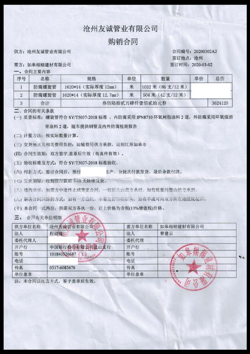 該項(xiàng)目位于江蘇省南通市。工程類型為引水區(qū)供水工程。該項(xiàng)目分為10個(gè)標(biāo)段。本工程采用螺旋管防腐,防腐類型為環(huán)氧煤焦油瀝青防腐。  內(nèi)防腐IPN8710環(huán)氧樹脂,外防腐環(huán)氧煤瀝青防腐  工程合同是分批簽訂的。第一批采購(gòu)管道總長(zhǎng)1536米,內(nèi)防腐用IPN8710環(huán)氧樹脂,外防腐用環(huán)氧煤焦油瀝青。
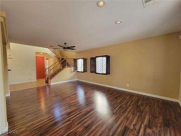 Highly upgraded 3 bedroom in Mountains Edge! Spacious living room w wood laminate flooring, wood shutters, downstairs den w custom shelving. Kitchen has corian counters, breakfast bar, pantry, ample cabinets for storage, tile floors & LED lighting under cabinets. Large primary suite overlooks Red Rock Mtns w/built in cabinets, 2 closets & stunning walk in shower. Ceiling fans thru out, loft w built in desk, laundry located upstairs. Backyard boasts covered patio, 2 custom firepits, fountain & cozy seating area. 1 year lease minimum. Restrictions: Non Smoking, pets considered case by case, no cats. Renters insurance & utility transfer mandatory before move in. Total Monthly Payment $2,445 ($2400/rent+ $20/trash + $25/sewer). All NWPM residents can enroll in the Resident Benefits Package (RBP) for $29.99/mo which includes HVAC air filter delivery, positive credit reporting w timely rent payments, $1M Identity Protection, move-in utility concierge service, rewards program & much more!
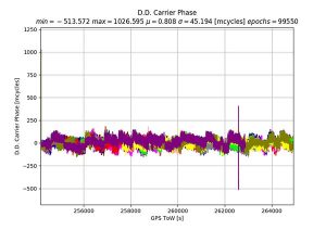 One of the devices tested was a Samsung S7 device. It provides pseudorange, Doppler and phase via the GNSS measurement API. However, the phone implements power duty cycling so after a short period of operation the duty cycling mode was enabled which resulted in a cycle slip on the phase every epoch.
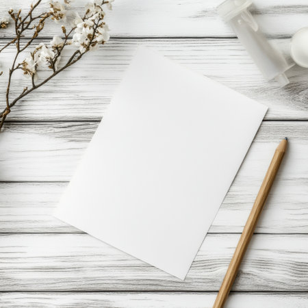 Empty sheet of paper with a pencil and decorative flowers on a wooden surface invites creativity and thoughtful planning in a serene atmosphere.

— WORK ITEM —
Pictures stay out; all other material above is restated word for word.

— RESPONSE BELOW —
 該項(xiàng)目位于江蘇省南通市。工程類型為引水區(qū)供水工程。該項(xiàng)目分為10個(gè)標(biāo)段。本工程采用螺旋管防腐,防腐類型為環(huán)氧煤焦油瀝青防腐。  內(nèi)防腐IPN8710環(huán)氧樹脂,外防腐環(huán)氧煤瀝青防腐  工程合同是分批簽訂的。第一批采購(gòu)管道總長(zhǎng)1536米,內(nèi)防腐用IPN8710環(huán)氧樹脂,外防腐用環(huán)氧煤焦油瀝青。
 Highly upgraded 3 bedroom in Mountains Edge! Spacious living room w wood laminate flooring, wood shutters, downstairs den w custom shelving. Kitchen has corian counters, breakfast bar, pantry, ample cabinets for storage, tile floors & LED lighting under cabinets. Large primary suite overlooks Red Rock Mtns w/built in cabinets, 2 closets & stunning walk in shower. Ceiling fans thru out, loft w built in desk, laundry located upstairs. Backyard boasts covered patio, 2 custom firepits, fountain & cozy seating area. 1 year lease minimum. Restrictions: Non Smoking, pets considered case by case, no cats. Renters insurance & utility transfer mandatory before move in. Total Monthly Payment $2,445 ($2400/rent+ $20/trash + $25/sewer). All NWPM residents can enroll in the Resident Benefits Package (RBP) for $29.99/mo which includes HVAC air filter delivery, positive credit reporting w timely rent payments, $1M Identity Protection, move-in utility concierge service, rewards program & much more!
 One of the devices tested was a Samsung S7 device. It provides pseudorange, Doppler and phase via the GNSS measurement API. However, the phone implements power duty cycling so after a short period of operation the duty cycling mode was enabled which resulted in a cycle slip on the phase every epoch.
 Empty sheet of paper with a pencil and decorative flowers on a wooden surface invites creativity and thoughtful planning in a serene atmosphere.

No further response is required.